**Task to complete:** Retype exactly what runs from the first line of the data to the line with "9月5日,学院开展留学生选课", keeping both of those lines and skipping pictures.

**Provided material:**

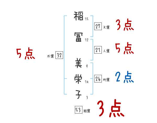 外運![]() | 稲冨美栄子さんの外運は32画の5つ星!柔軟性があり成功する。チャンスが多く金運が良い。 生活面を象徴する運勢です。外部から受ける影響力を表し、結婚運、家庭運や職場、環境への順応性を表します。 |
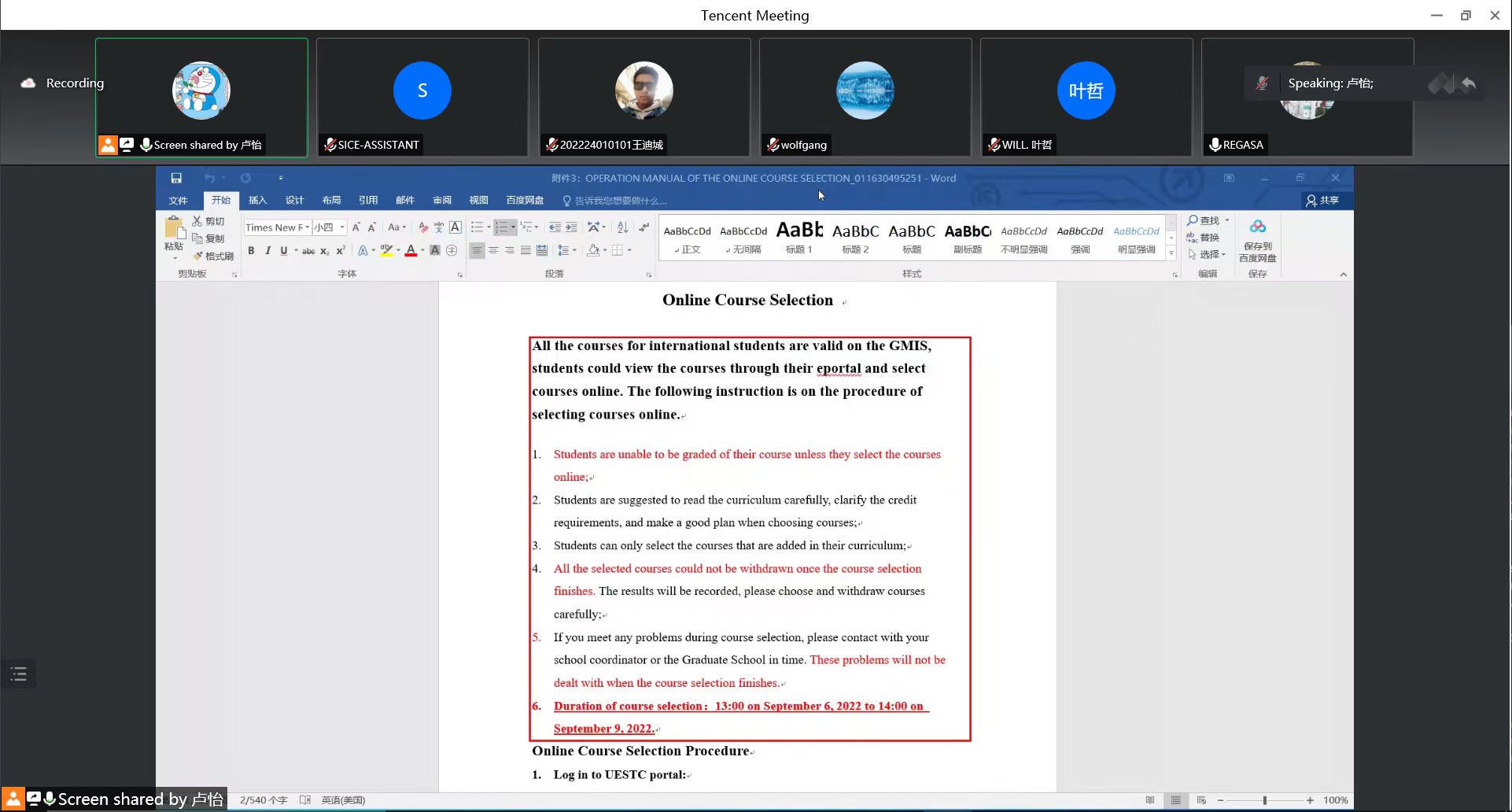 9月5日,学院开展留学生选课线上培训并进行一对一答疑,保障所有2022级留学生新生顺利选课。
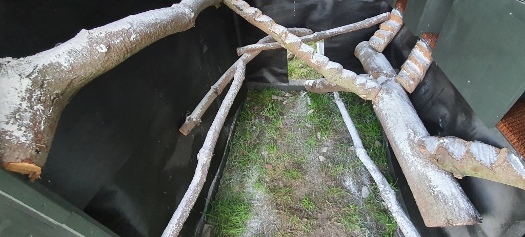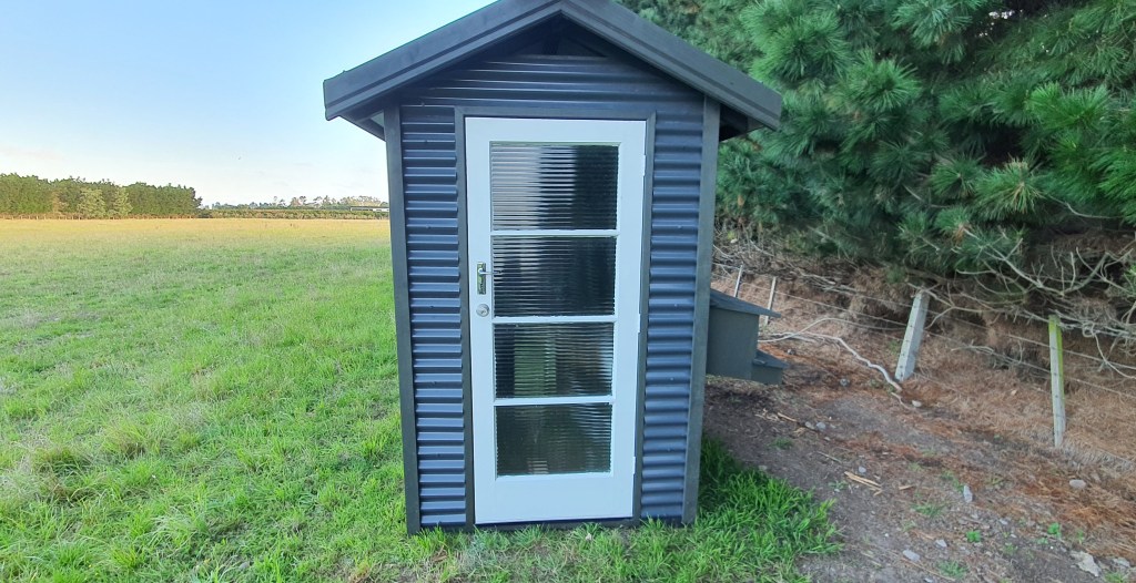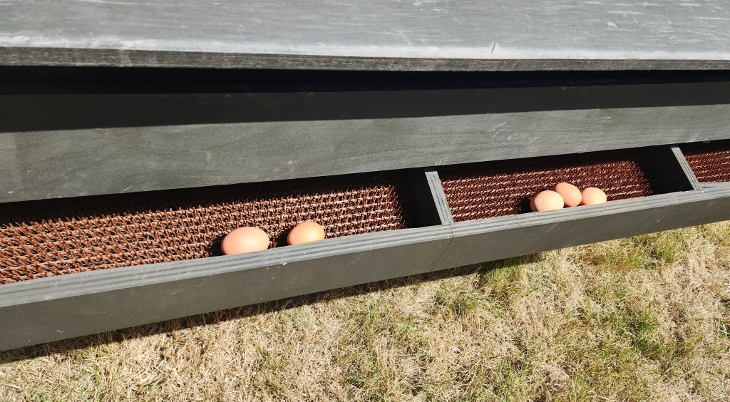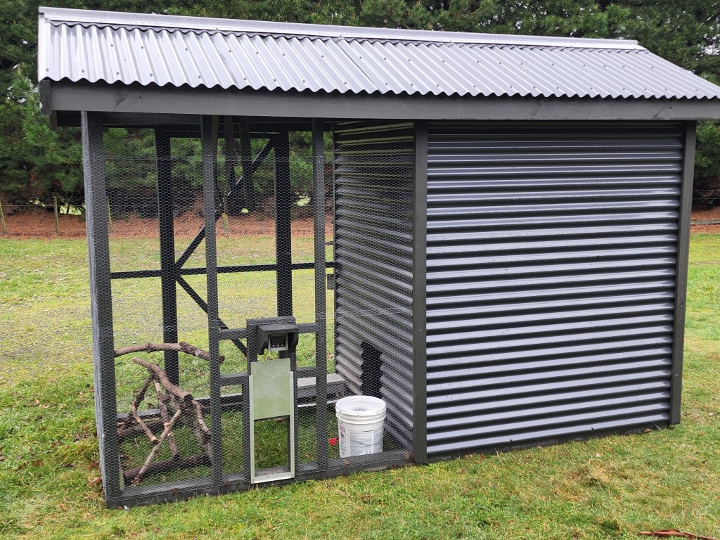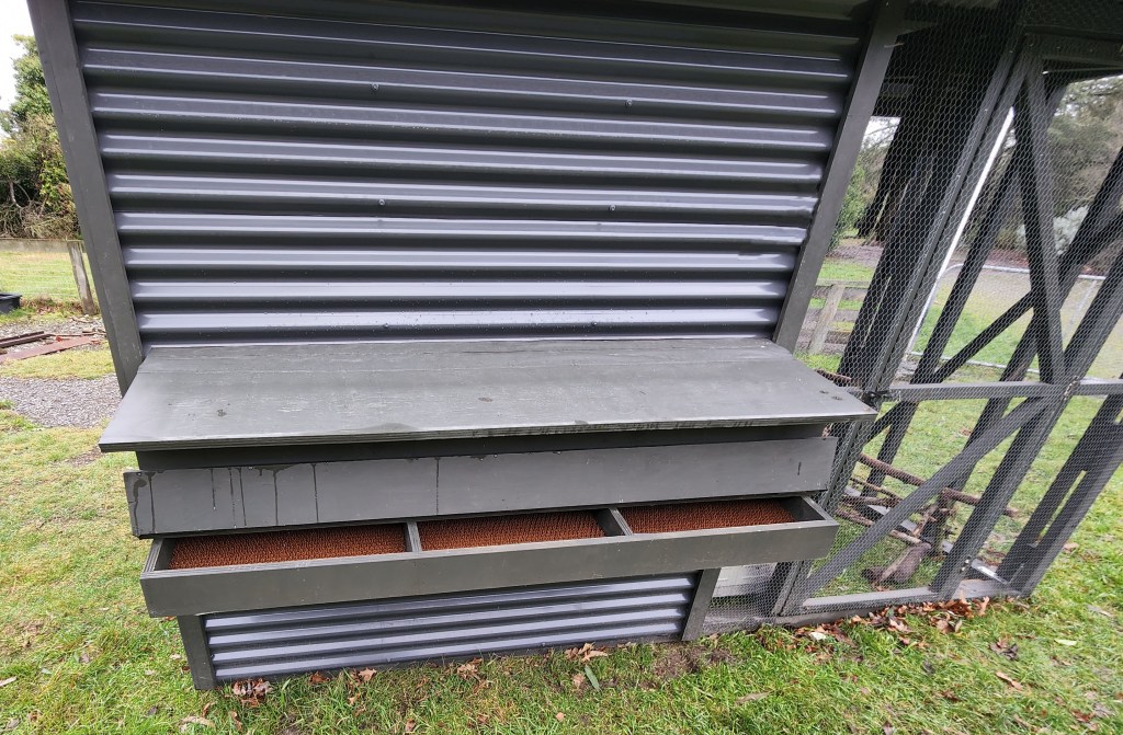 The walls and ceiling have 90mm insulation installed. It has vents covered in mesh up in the top of the gables for clean air. It has an automated door set for opening and closing on light levels. The nesting box is on a 10 degree fall so the clean eggs roll out into an unreachable holding bay and is easily washed out with drainage holes at the bottom.
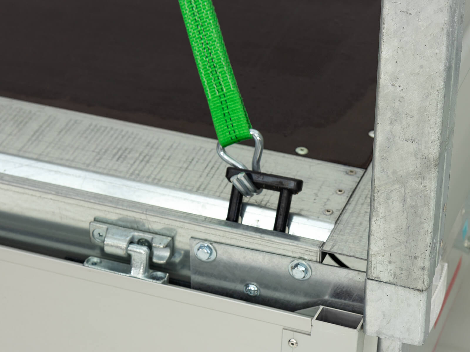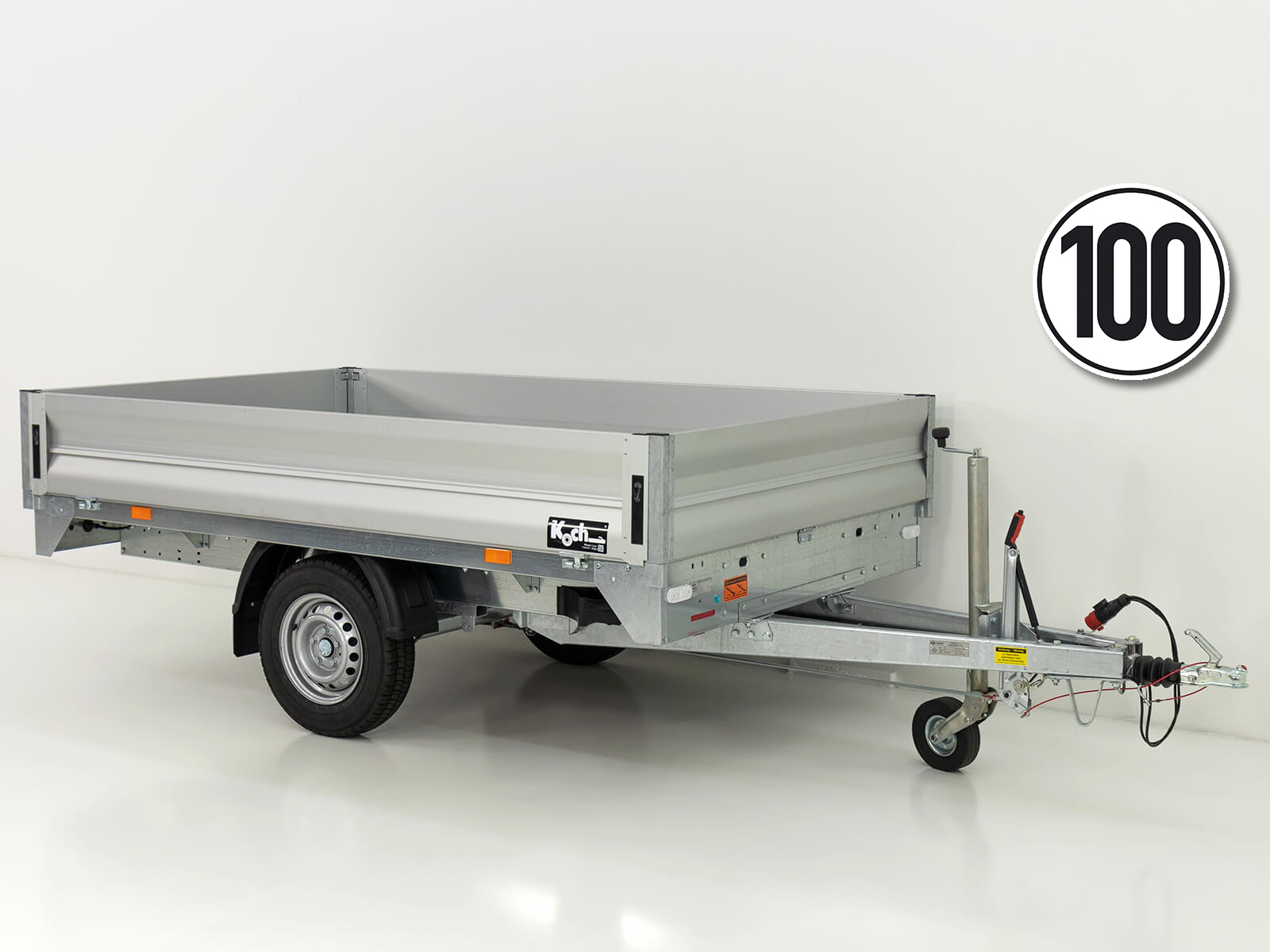 Przyczepa Vezeko D27.3 Hochlader z dużą powierzchnią załadunku 182 x 317 cm. DMC 2700 kg, masa własna 500 kg, ładowność 2200 kg. Aluminiowe burty 350 mm, klapowe i zdejmowane, skrzynia narzędziowa, 6 uchwytów do mocowania. Opcja: 100 km/h.

**Solution for this problem:**
 外運![]() | 稲冨美栄子さんの外運は32画の5つ星!柔軟性があり成功する。チャンスが多く金運が良い。 生活面を象徴する運勢です。外部から受ける影響力を表し、結婚運、家庭運や職場、環境への順応性を表します。 |
 9月5日,学院开展留学生选课线上培训并进行一对一答疑,保障所有2022级留学生新生顺利选课。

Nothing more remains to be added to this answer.